Talking about climate change will help fix it

By Erin Liebeck

Climate change is a threat multiplier, said an atmospheric scientist who believes that climate change will continue to affect the planet if something isn’t done about it soon.

“The number one thing we need to do is talk about it (climate change),” said Katharine Hayhoe. “Talking about it is really important.”

On Wednesday evening, Hayhoe spoke in front of a crowd of 250 people at Schofield Auditorium on the University of Wisconsin-Eau Claire campus. She spoke as part of the university’s 76th Forum Series. Here, she focused on what individuals can do to stop the vicious cycle of the changing climate.

Katharine Hayhoe, an atmospheric scientist, spoke about climate change as part of the University of Wisconsin-Eau Claire Forum Series. © 2019 Erin Liebeck

In addition to being an atmospheric scientist, Hayhoe is a professor in the Department of Political Science and the director of the Climate Science Center at Texas Tech University, according to Hayhoe’s website.

Hayhoe’s work in climate science has earned her numerous honors. She was named one of Fortune magazine’s World’s Greatest Leaders in 2017. As well as earning the 2018 YWCA Woman of Excellence in Science award and the eighth Stephen H. Schneider Award for Outstanding Climate Science Communication.

During her speech, Hayhoe said that she believes that nearly everyone cares about the changing climate, they just don’t realize it. Hayhoe stresses that individuals need to connect the dots about why climate change matters.

“Many people believe that in order to fix climate change, we need to go back to the stone age,” said Hayhoe. “This is absolutely not true.”

Hayhoe said that many individuals believe that the solutions to climate change pose a threat to society. She added that they think the solutions are too pricey and will destroy the economy.

However, Hayhoe said affordable solutions, such as reducing food waste, can help fight against climate change.
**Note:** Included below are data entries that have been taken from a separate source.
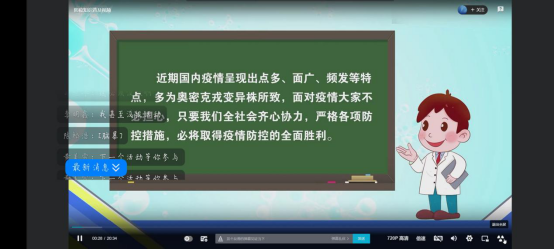 活动中放映了防疫抗疫相关视频,提醒同学们关注当下疫情形势,积极配合学校防疫工作安排,做好自我防护,戴口罩、勤洗手、注意个人卫生。
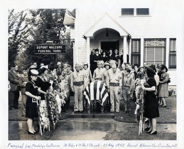 We have no firsthand accounts, so it’s impossible to know the exact whereabouts of Madelyn LaCanne on the day of the hurricane. We know she was at Ellington Field. We know that with no warning of the hurricane’s approach it must have been chaotic. We know, sadly, from her sister-in-law’s account: “she was hurled against a building on the airfield and suffered a brain hemorrhage.” Her obituary tells us she died in the station hospital Sunday evening, Aug. 8, 1943, from injuries sustained in the hurricane. Tragically, it was just 16 days past her 31st birthday.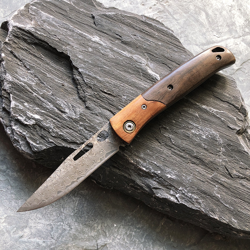 大马士革钢刀正品户外折叠刀锻打小刀锋利高硬度折刀花纹钢水果刀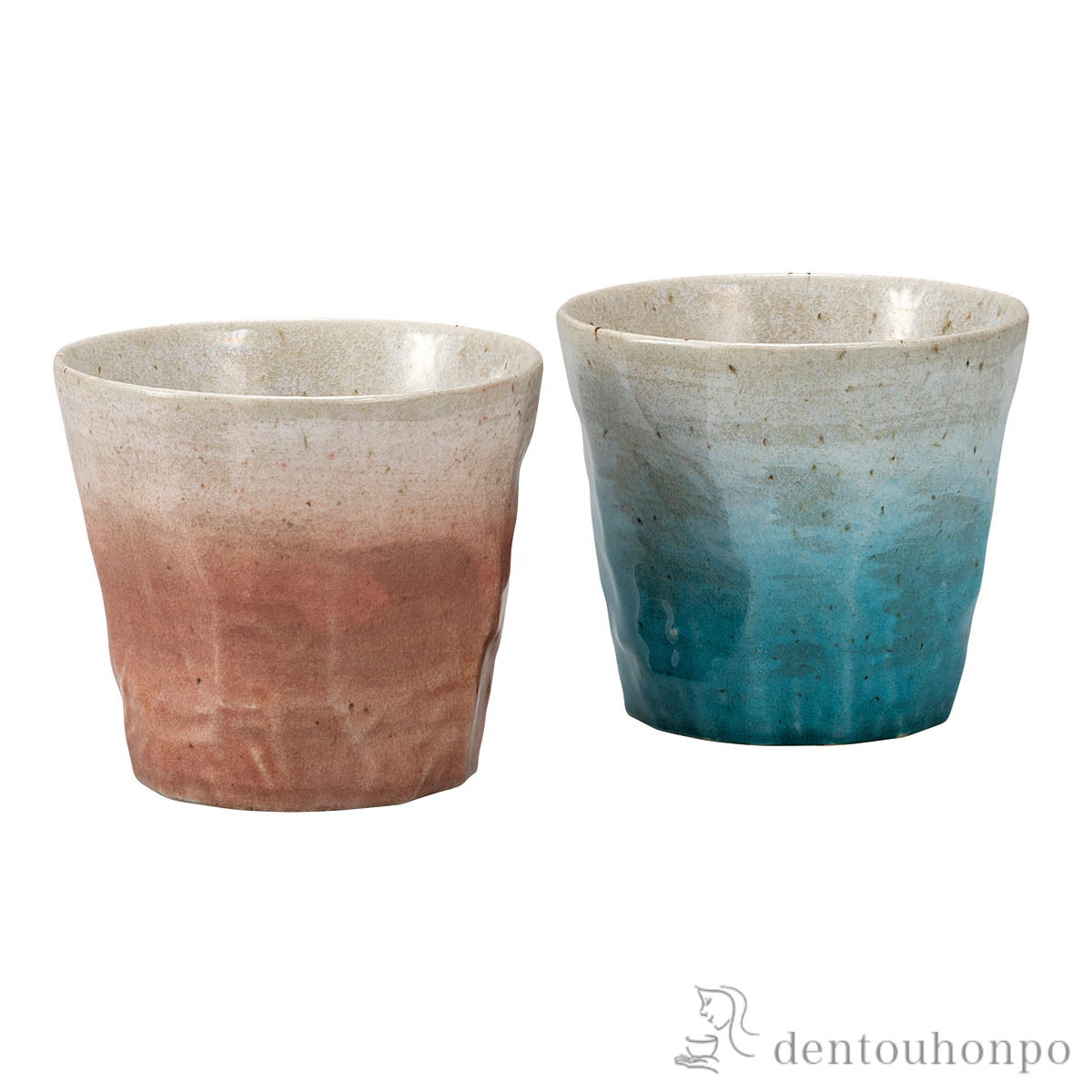 ペア焼酎カップ 釉彩 水色/オレンジ 竜彩≪在庫確認後、通常即日で出荷≫ ( 焼酎カップ …

During her speech, Hayhoe also stressed the importance of the conversation of climate change. She said that nearly 59 percent of people in Eau Claire believe that climate change is caused by human activity, yet a majority of individuals say they never talk about it.

Fear is not going to motivate individuals, Hayhoe said while talking about how to get individuals to make a change for a better climate. The world needs to have hope and a vision of a better future.

“Without hope, our self-fulfilling prophecy is doom,” said Hayhoe.

 She explained how climate change not only affects individuals currently living, but how it will affect future children, animals, plants and nature.

Across the globe efforts have been made to stop climate change. China has been investing in clean energy and reducing the amount of carbon dioxide they are emitting into the atmosphere. Hayhoe added that China has also shut down all their coal plants around Beijing.

Hayhoe also said that in Texas, the Dallas/Fort-Worth International Airport became North America’s first carbon neutral airport.

Organizations, such as Apple Inc. are now powered by 100 percent renewable energy and Walmart plans to be powered by 50 percent renewable energy by 2030, Hayhoe said while talking about organizations that are taking a stand against climate change.

Audience member Carin Keyes said the forum helped her realize that solutions for global warming can be positive and affordable.

To Keyes, Hayhoe’s work is astounding.

“She is influential on all levels of her work,” Keyes said.

Hayhoe’s work in climate change has helped individuals and organizations evaluate the potential impacts of climate change, according to Hayhoe’s website.

She explains that change is happening, it is just not happening fast enough.

“We often picture this problem as a boulder on the bottom of a hill,” Hayhoe said. “But in reality, that boulder is already at the top of the hill. And it has millions of hands on it, pushing it down. It just isn’t going fast enough.”